As for “Hanukkah,” it starts with an H to represent the Hebrew letter chet, which is linguistically different from the chaf sound in, say, Baruch. Its original sound in ancient times was closer to the English H than to the German-Scottish-Yiddish Ch. Purists render it as an H with a dot under it. Some folks have lately started using an X, which is just confusing to my mind.
Now, why single N and double K? Because the doubling of a consonant represents the dagesh, the little dot that appears right in the middle of some Hebrew letters. Hanukkah has a dot in the kaf (K) but none in the nun (N). In modern Hebrew, the dagesh changes the letter’s sound (Ch to K, V to B), but in classical Hebrew, consonants with a dagesh were doubled in sound. This has no precise English equivalent, but you can get the idea by listening for the K sound in “slick couple” or the T in “flat tax.” By the way, both of these lost Hebrew sounds - the classical chet and the doubled consonant - are still pronounced in modern spoken Arabic and in the traditional Yemenite Hebrew accent.
As for that final H, it represents the final heh in the Hebrew spelling. While it’s optional in Chanuka(h), therefore, it’s not optional in Hanukkah.
All the other spellings—Hanuka, Hannukah, Chanukkah and so on—are simply guesswork or jazz improvisation.
As for “Gaddafi,” the transliteration problems are compounded by the vagaries of regional Arabic dialects.
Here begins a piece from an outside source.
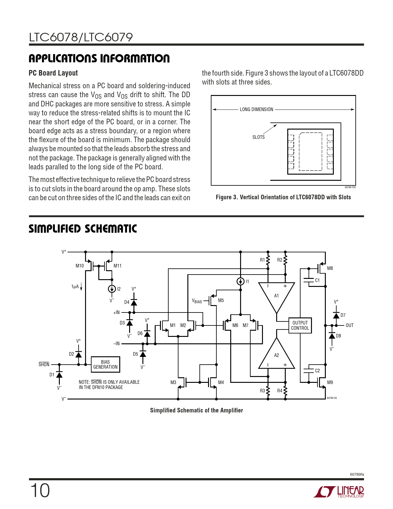 LTC6078/LTC6079 UUWUAPPLICATIO S I FOR ATIOPC Board Layout the fourth side. Figure 3 shows the layout of a LTC6078DD with slots at three sides. Mechanical stress on a PC board and soldering-induced stress can cause the VOS and VOS drift to shift. The DD and DHC packages are more sensitive to stress. A simple way to reduce the stress-related shifts is to mount the IC LONG DIMENSION near the short edge of the PC board, or in a corner. The board edge acts as a stress boundary, or a region where the fl exure of the board is minimum. The package should SLOTS always be mounted so that the leads absorb the stress and not the package. The package is generally aligned with the leads paralled to the long side of the PC board. The most effective technique to relieve the PC board stress is to cut slots in the board around the op amp. These slots 60789 F03 can be cut on three sides of the IC and the leads can exit on Figure 3. Vertical Orientation of LTC6078DD with SlotsWWSI PLIFIED SCHE ATIC V+ R1 R2 M10 M11 M8 I1 – + C1 1µA I2 V+ A1 V– V M5 BIAS D4 V+ +IN D7 V+ D3 OUTPUT M1 M2 M6 M7 OUT CONTROL D6 V– D8 V+ –IN V– D2 D5 A2 BIAS SHDN – + GENERATION V– C2 D1 NOTE: SHDN IS ONLY AVAILABLE M3 M4 M9 V– IN THE DFN10 PACKAGE R3 R4 60789 SS V– Simplifi ed Schematic of the Amplifi er 60789fa 10

The name begins with the Arabic letter Qof (the same letter as the Hebrew qof that shows up in Israeli road signs such Qiryat Shmonah or Petah Tiqwa). It’s sounded in the back of the throat in a way that’s unpronounceable in English (don’t try it at home unless there’s someone nearby who knows Heimlich). However, it sounds something like K, which is why you frequently see “Kaddafi,” “Kadafy” or—in an attempt to improvise that Qof sound—“Khadafy.” The letter G is frequently used as a replacement because the Libyan variant of Qof actually sounds pretty close to our G, though further back in the throat. Most purist Arabic linguists (and there’s really no other kind) frown on transliterations that reproduce regional accents; they prefer that foreigners stick to the revered Classical Arabic, but go explain that to the Associated Press, the leading advocate of “Gadhafi.”
As for the double-D versus DH in the middle, the doubling obviously represents that dagesh we talked about earlier. The trouble is that the consonant being doubled is not a simple D. It is a Dh, which is to D as Th is to T. That is, it sounds like the Th in “this” (as opposed to the Th in “thin,” which is a different Arabic letter). It would be very awkward to write Gadhdhafi, so you have to choose: Gaddafi or Gadhafi. Or Qaddafi. Or Qadhafi. Or Khadafy. If you’re confused, be thankful that it doesn’t come up much anymore.